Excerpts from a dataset
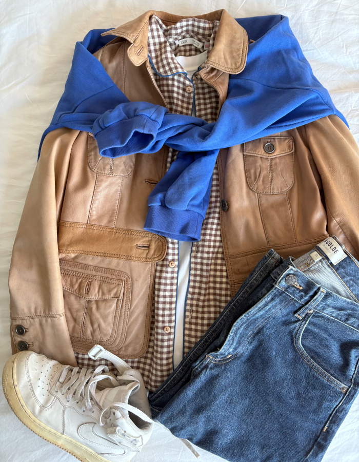 Look 1 (voir ici) : Veste en cuir camel Zara (ancienne collection) + tee-shirt blanc CQFD + sweat bleu cobalt Arsène et Pipelettes + jean large brut + baskets blanches
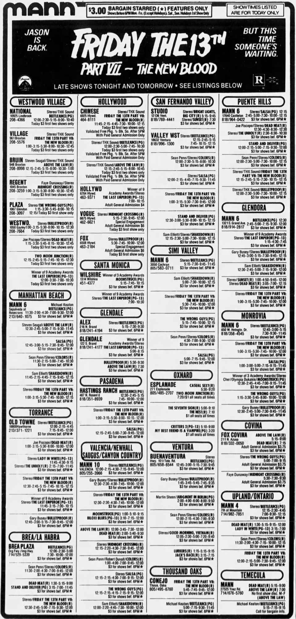 Which leads us to an interesting production fact. Some of the studio bigwigs wanted The New Blood to be more ‘respectable’ than previous entries with lauded directors named to hopefully direct. Fellini and Bertolucci were cited (I’m honestly not making this up!) As a change in proceedings, Universal executives thought it would be interesting to make a Friday entry that would make critics gush and film festival attendees throw roses at the screen. Thankfully, this didn’t happen but it’s an interesting idea. Quentin Tarantino, are you reading this?
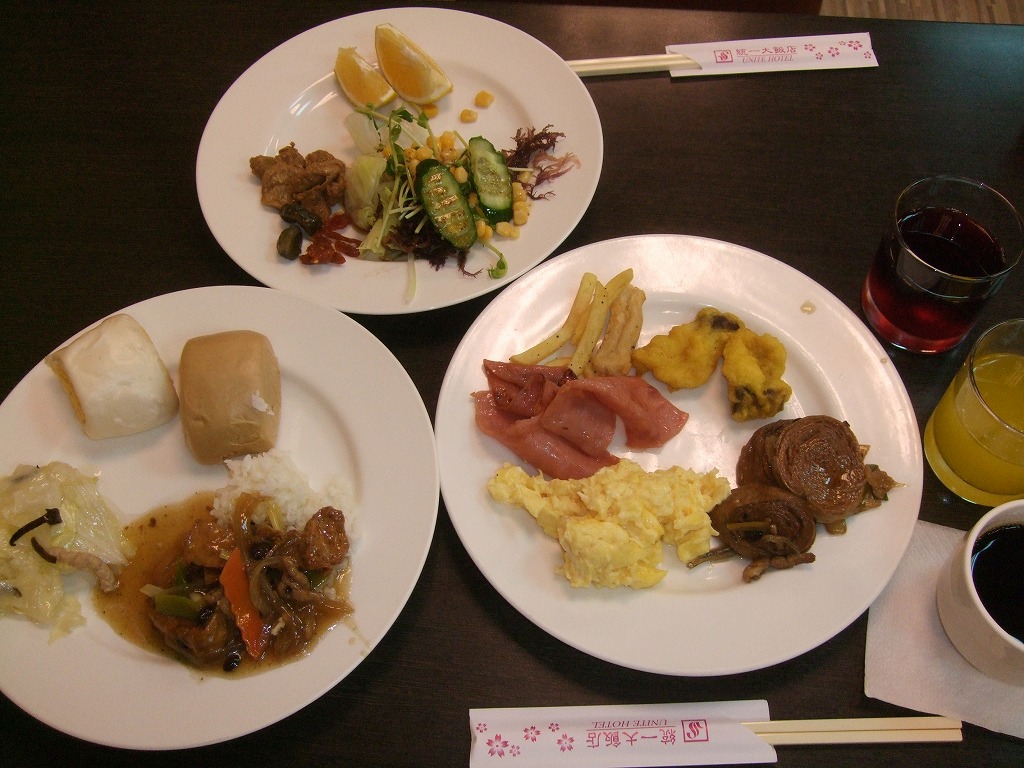 朝食バイキングも、パンやお粥、サラダなどいろいろあって、結構満足出来る数と量でした。
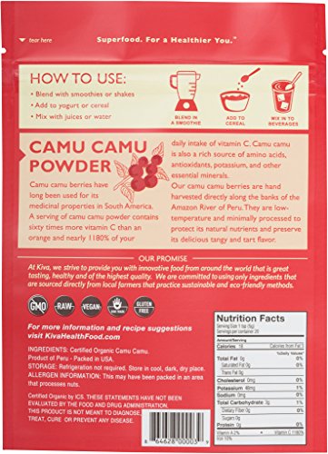 Kiva Organic Camu Camu Powder - Vitamin C, Antioxidants, Non-GMO, Raw, Vegan, 3.5-Ounce Bag
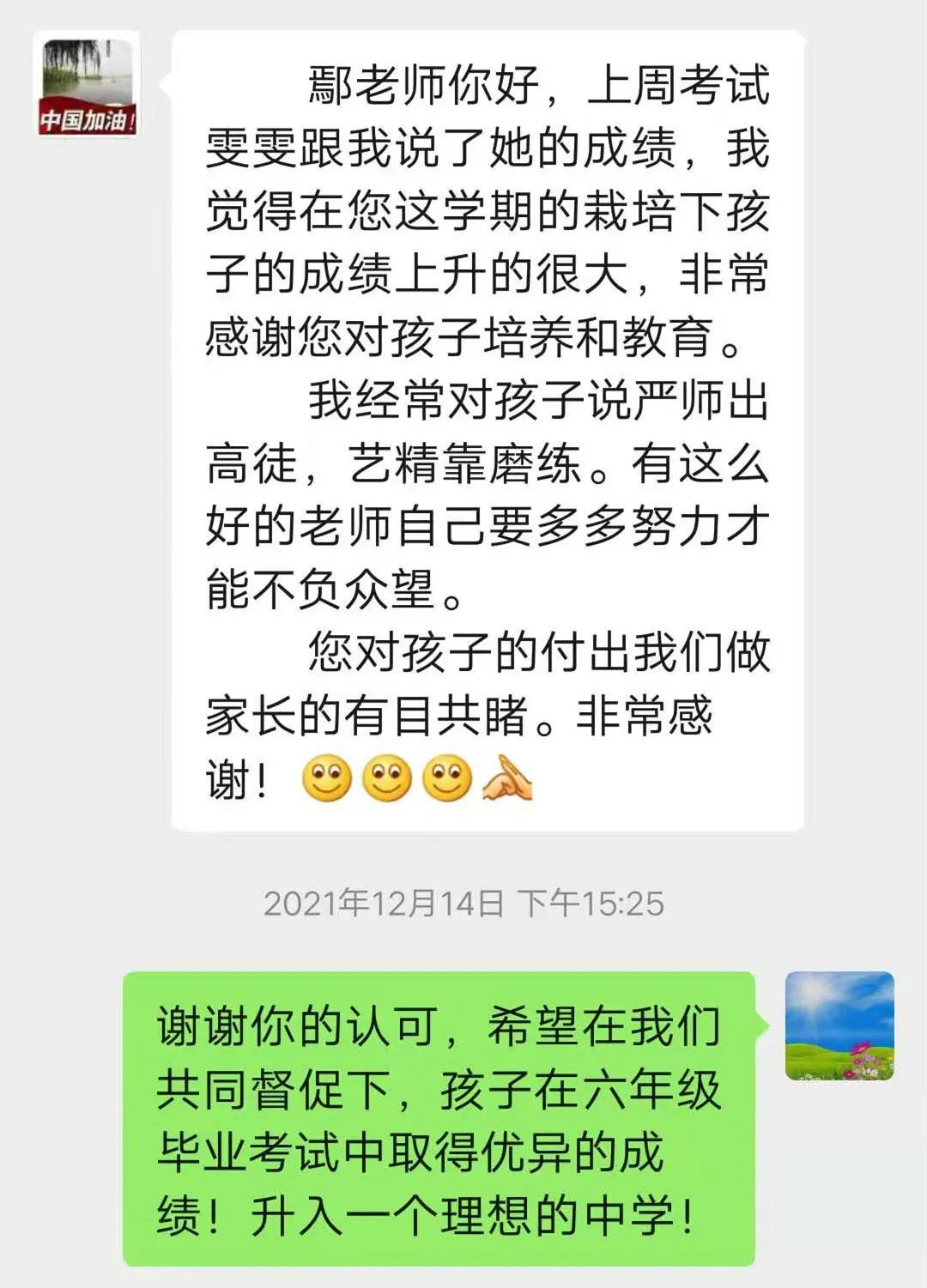 同时,她在班里以身作则,帮助孩子们形成好的习惯。比如,平时看到地上有纸屑、垃圾时,她总是弯下腰去捡起来,因为学生看到老师这样做之后,也在地上搜索是否有纸屑了。在校园里她主动和同事们、学生们问好,学生们也学着她的样子和老师、同学打招呼。
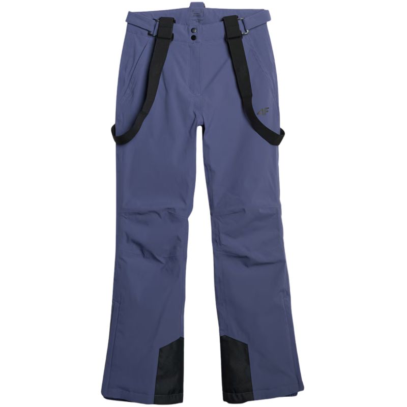 Women's ski pants 4F FNK F0944 denim 4FWAW25TFTRF0944 32S Women's ski pants 4F will provide freedom and protection not only on the slopes. Technical data: Main material: 100% polyester Additional material: 100% polyester Lining: 100% polyester Filling: 100% polyester (polyester insulation) Membrane waterproofness level: 5,000 mm Membrane breathability level: 3,000 g NeoDry 5000/3000 membrane - protects against light rain and supports the breathability of the material All seams taped - additional protection against moisture penetration Hydrophobic finish - limits water absorption by the outer layer of the material Polyester insulation - provides warmth without additional weight Inner snow gaiters - prevents snow from getting inside Detachable, adjustable suspenders - allow for individual adjustment and comfort of wearing Velcro adjustable waist - easily adapts to the figure and ensures stability Reinforcements at the bottom of the legs - increase the durability of the material in key areas· Zippers on the sides of the legs - make it easier to put the pants on over ski boots· 2 side pockets with zippers - for small items you want to always have at hand· Profiled knee zone - better mobility while skiing· High waist - protects the back and increases thermal comfort on the slope· Smooth lining - easily moves over thermal clothing· Reflective elements - improve visibility in low light· Regular fit - guarantees comfort and freedom of movement· Ankle length - full leg coverage, ideal for winter conditions
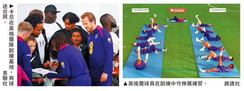 左圖:卡尼在英格蘭隊訓練基地,與球迷合照。\美聯社;右圖:英格蘭球員在訓練中作伸展練習。\路透社

TO DO =
Print exactly the lines from the first line of the records above through the line containing "同时,她在班里以身作则,帮助", leaving out the pictures.

EXERCISE ANSWER =
 Look 1 (voir ici) : Veste en cuir camel Zara (ancienne collection) + tee-shirt blanc CQFD + sweat bleu cobalt Arsène et Pipelettes + jean large brut + baskets blanches
 Which leads us to an interesting production fact. Some of the studio bigwigs wanted The New Blood to be more ‘respectable’ than previous entries with lauded directors named to hopefully direct. Fellini and Bertolucci were cited (I’m honestly not making this up!) As a change in proceedings, Universal executives thought it would be interesting to make a Friday entry that would make critics gush and film festival attendees throw roses at the screen. Thankfully, this didn’t happen but it’s an interesting idea. Quentin Tarantino, are you reading this?
 朝食バイキングも、パンやお粥、サラダなどいろいろあって、結構満足出来る数と量でした。
 Kiva Organic Camu Camu Powder - Vitamin C, Antioxidants, Non-GMO, Raw, Vegan, 3.5-Ounce Bag
 同时,她在班里以身作则,帮助孩子们形成好的习惯。比如,平时看到地上有纸屑、垃圾时,她总是弯下腰去捡起来,因为学生看到老师这样做之后,也在地上搜索是否有纸屑了。在校园里她主动和同事们、学生们问好,学生们也学着她的样子和老师、同学打招呼。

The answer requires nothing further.